> [TASK ITEM]: Repeat exactly the lines that run from the start of the records below to the line with "craft materials organized.", including both of those lines but not the pictures.
Top of EXTRACTED DATA
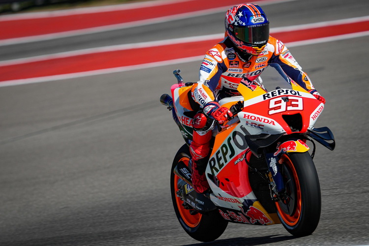 แฟนโมโตจีพีทั่วโลกได้รับข่าวดีเมื่อ มาร์ค มาร์เกซ เจ้าของหมายเลข 93 จาก เรปโซล ฮอนด้า กลับมาจากอาการบาดเจ็บ ประเดิมรั้งอันดับ 6 จากการซ้อมวันแรกด้วยเวลาต่อรอบ 2 นาที 3.041 วินาที ตามด้วย โปล เอสปาร์ปาโร ทีมเมทหมายเลข 44 ในอันดับ 12 ด้วยเวลา 2 นาที 3.438 วินาที ขณะที่ อเล็กซ์ มาร์เกซ นักบิดสแปนิชหมายเลข 73 จาก แอลซีอาร์ ฮอนด้า และทีมเมทชาวญี่ปุ่นอย่าง ทาคาอากิ นาคากามิ หมายเลข 30 รั้งอันดับ 16 และ 17 ด้วยเวลาต่อรอบ 2 นาที 3.795 วินาที และ 2 นาที 4.074 วินาที ตามลำดับ
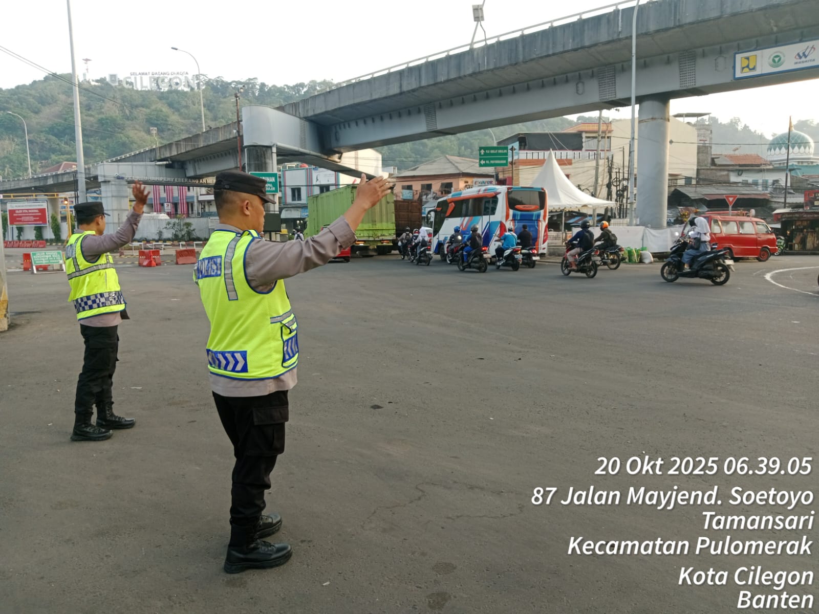 Cilegon - Dalam rangka peningkatan pelayanan prima kepada masyarakat, Kskp Merak Polres Cilegon Polda Banten melaksanakan pengaturan antrian R4 yang akan masuk ke Kapal Ferry di Pelabuhan Merak, Senin (20/10/2025).
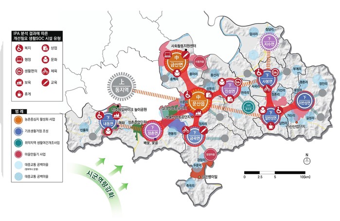 또한 농촌중심지 사업 외 금곡면과 진성면에 기초생활거점 조성사업을 추진하고 있다. 이에 따라 면소재지를 대상으로 다양한 서비스 기능을 복합화한 생활SOC시설을 조성하고 서비스와 프로그램을 배후마을까지 전달할 계획이다.
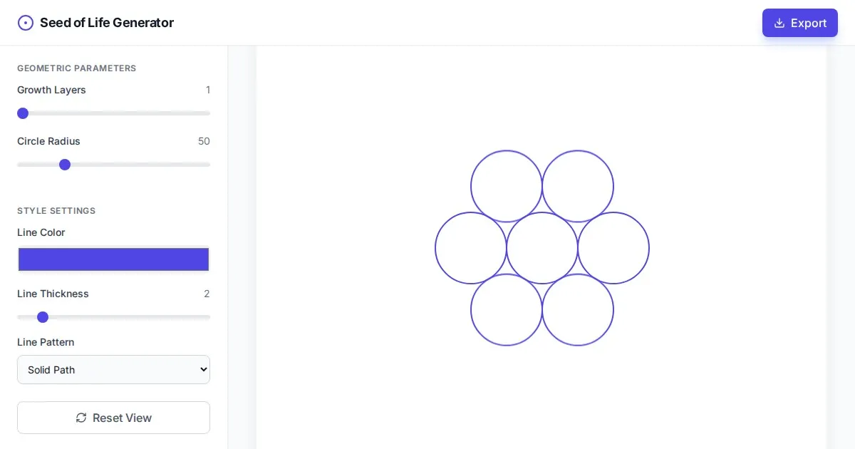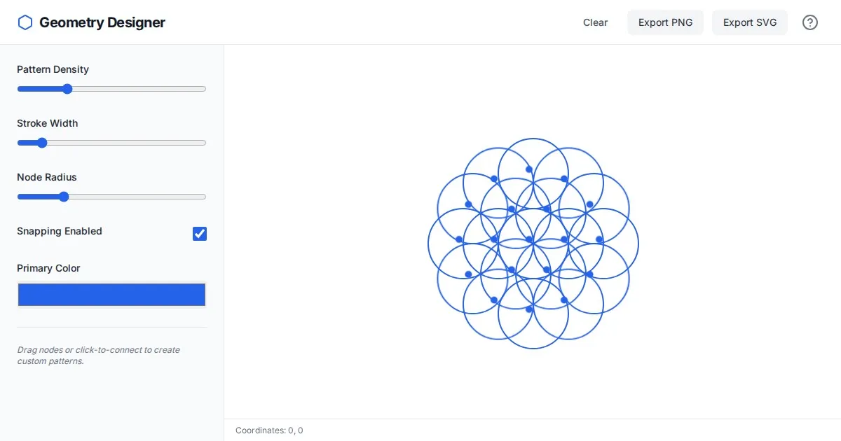 Easily design intricate Flower of Life sacred geometry patterns online. Use this free, browser-based tool to connect nodes, customize grids, and export your art.
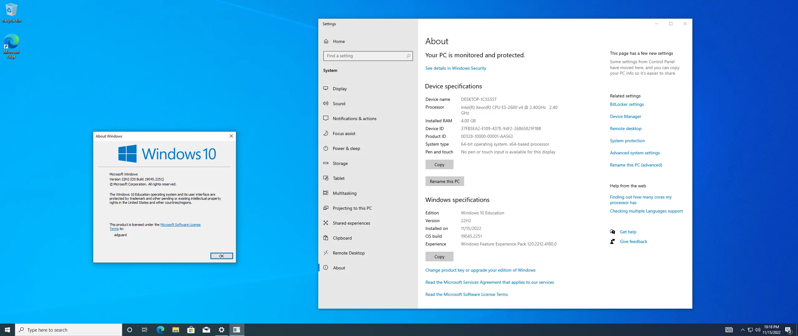 После установки Windows 10 22H2 пользователь получает доступ к привычному интерфейсу с меню «Пуск», панелью задач и центром уведомлений. Операционная система поддерживает работу с виртуальными рабочими столами, режимом планшета и функцией Snap Assist для удобного управления окнами. Настройки системы централизованы в приложении «Параметры», где можно управлять сетью, безопасностью, обновлениями и персонализацией. Для активации продукта предусмотрен ввод ключа на этапе установки или в любой момент после неё через раздел «Активация». Система автоматически проверяет наличие обновлений и предлагает установить их для поддержания безопасности и производительности.
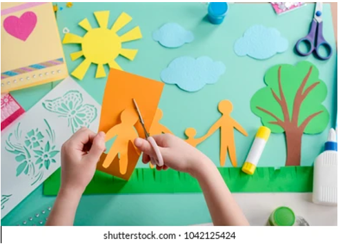 · Запросы: kids drawing big poster, child cutting paper shapes, craft materials organized.
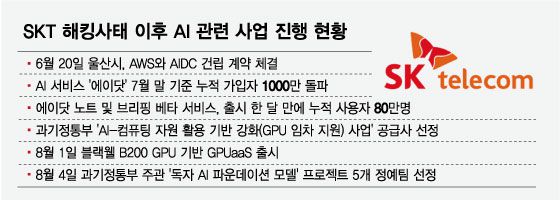 서비스 부문에서도 성과가 이어지고 있다. AI 서비스 '에이닷'은 7월 말 기준 누적 가입자 1000만명을 돌파했고, 최근 선보인 '에이닷 노트'와 '브리핑' 베타 서비스는 출시 한 달 만에 누적 사용자 80만명을 기록했다. 지난달 31일에는 과학기술정보통신부의 'AI-컴퓨팅 자원 활용 기반 강화(GPU 임차 지원) 사업' 공급사로 선정됐다. 이를 위해 가산 AIDC에 엔비디아 최신 AI 칩 '블랙웰 B200' 1000장 이상을 단일 클러스터로 구성해 국내 최대 규모·최고 성능의 GPUaaS(서비스형 GPU)를 이달 1일 출시했다.
Bottom of EXTRACTED DATA
> [YOUR SOLUTION]:
 แฟนโมโตจีพีทั่วโลกได้รับข่าวดีเมื่อ มาร์ค มาร์เกซ เจ้าของหมายเลข 93 จาก เรปโซล ฮอนด้า กลับมาจากอาการบาดเจ็บ ประเดิมรั้งอันดับ 6 จากการซ้อมวันแรกด้วยเวลาต่อรอบ 2 นาที 3.041 วินาที ตามด้วย โปล เอสปาร์ปาโร ทีมเมทหมายเลข 44 ในอันดับ 12 ด้วยเวลา 2 นาที 3.438 วินาที ขณะที่ อเล็กซ์ มาร์เกซ นักบิดสแปนิชหมายเลข 73 จาก แอลซีอาร์ ฮอนด้า และทีมเมทชาวญี่ปุ่นอย่าง ทาคาอากิ นาคากามิ หมายเลข 30 รั้งอันดับ 16 และ 17 ด้วยเวลาต่อรอบ 2 นาที 3.795 วินาที และ 2 นาที 4.074 วินาที ตามลำดับ
 Cilegon - Dalam rangka peningkatan pelayanan prima kepada masyarakat, Kskp Merak Polres Cilegon Polda Banten melaksanakan pengaturan antrian R4 yang akan masuk ke Kapal Ferry di Pelabuhan Merak, Senin (20/10/2025).
 또한 농촌중심지 사업 외 금곡면과 진성면에 기초생활거점 조성사업을 추진하고 있다. 이에 따라 면소재지를 대상으로 다양한 서비스 기능을 복합화한 생활SOC시설을 조성하고 서비스와 프로그램을 배후마을까지 전달할 계획이다.
 Easily design intricate Flower of Life sacred geometry patterns online. Use this free, browser-based tool to connect nodes, customize grids, and export your art.
 После установки Windows 10 22H2 пользователь получает доступ к привычному интерфейсу с меню «Пуск», панелью задач и центром уведомлений. Операционная система поддерживает работу с виртуальными рабочими столами, режимом планшета и функцией Snap Assist для удобного управления окнами. Настройки системы централизованы в приложении «Параметры», где можно управлять сетью, безопасностью, обновлениями и персонализацией. Для активации продукта предусмотрен ввод ключа на этапе установки или в любой момент после неё через раздел «Активация». Система автоматически проверяет наличие обновлений и предлагает установить их для поддержания безопасности и производительности.
 · Запросы: kids drawing big poster, child cutting paper shapes, craft materials organized.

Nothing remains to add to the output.